Beyond being a string, the value of release is not enforced in any way. It’s only current use is for bootstrap-vz-remote where you can restrict which build-server should be autoselected.

Remote settings

The other (and more interesting) setting for type is ssh, which requires a few more configuration settings:

local_vm:
  type: ssh
  can_bootstrap:
    - virtualbox
    - ec2-s3
  release: wheezy
  # remote settings below here
  address: 127.0.0.1
  port: 2222
  username: admin
  keyfile: path_to_private_key_file
  server_bin: /root/bootstrap/bootstrap-vz-server

The last 5 settings specify how bootstrap-vz can connect to the remote build-server. While the initial handshake is achieved through SSH, bootstrap-vz mainly communicates with its counterpart through RPC (the communication port is automatically forwarded through an SSH tunnel). address, port, username and keyfile are hopefully self explanatory (remote machine address, SSH port, login name and path to private SSH key file).

server_bin refers to the abovementioned bootstrap-vz-server executable. This is the command bootstrap-vz executes on the remote machine to start the RPC server.

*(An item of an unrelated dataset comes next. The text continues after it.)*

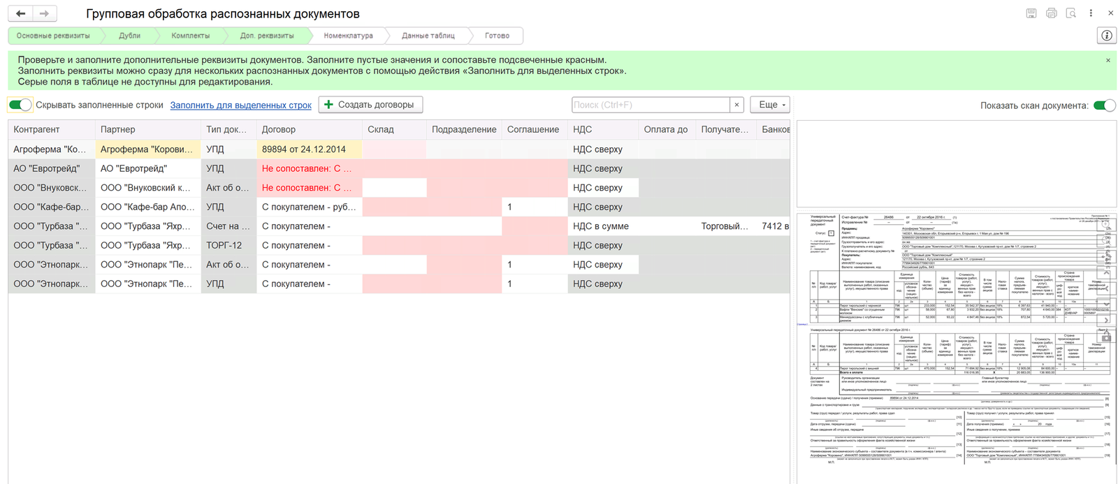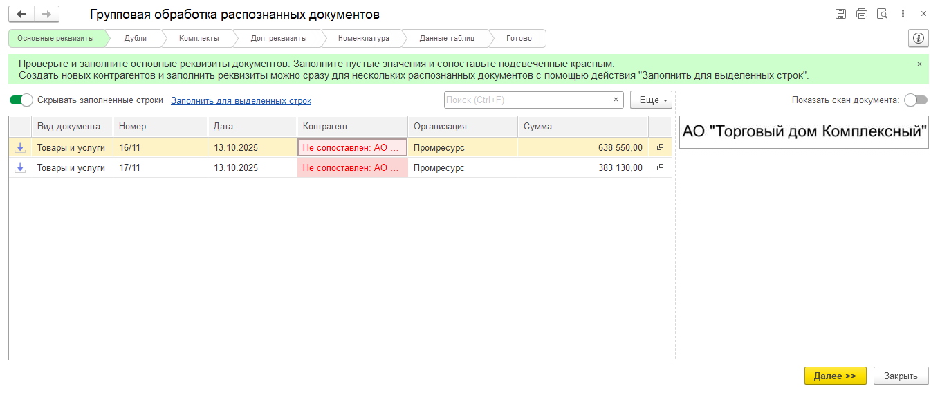 На этапе Данные таблиц производится проверка и в случае необходимости уточнение значений реквизитов из таблиц распознанных документов.

Be aware that there are a few limitations as to what bootstrap-vz is able to deal with, regarding the remote machine setup (in time they may be fixed by a benevolent contributor):

  • The login user must be able to execute sudo without a password
  • The private key file must be added to the ssh-agent before invocation (alternatively it may not be password protected)
  • The server must already be part of the known_hosts list (bootstrap-vz uses ssh directly and cannot handle interactive prompts)

Build settings

The build settings allow you to override specific manifest properties. This is useful when for example the VirtualBox guest additions ISO is located at /root/guest_additions.iso on server 1, while server 2 has it at /root/images/vbox.iso.

local:
  type: local
  can_bootstrap:
    - virtualbox
    - ec2-s3
  release: jessie
  build_settings:
    guest_additions: /root/images/VBoxGuestAdditions.iso
    apt_proxy:
      address: 127.0.0.1
      port: 3142
    ec2-credentials:
      access-key: AFAKEACCESSKEYFORAWS
      secret-key: thes3cr3tkeyf0ryourawsaccount/FS4d8Qdva
      certificate: /root/manifests/cert.pem
      private-key: /root/manifests/pk.pem
      user-id: 1234-1234-1234
    s3-region: eu-west-1
  • guest_additions specifies the path to the VirtualBox guest additions ISO on the remote machine.
  • apt_proxy sets the configuration for the apt_proxy plugin <../plugins/apt_proxy>.
  • ec2-credentials contains all the settings you know from EC2 manifests.
  • s3-region overrides the s3 bucket region when bootstrapping S3 backed images.

Run settings

The run settings hold information about how to start a bootstrapped image. This is useful only when running system tests.

local:
  type: local
  can_bootstrap:
    - ec2-s3
  release: jessie
  run_settings:
    ec2-credentials:
      access-key: AFAKEACCESSKEYFORAWS
      secret-key: thes3cr3tkeyf0ryourawsaccount/FS4d8Qdva
    docker:
      machine: default
  • ec2-credentials contains the access key and secret key used to boot an EC2 AMI.
  • docker.machine The docker machine on which an image built for docker should run.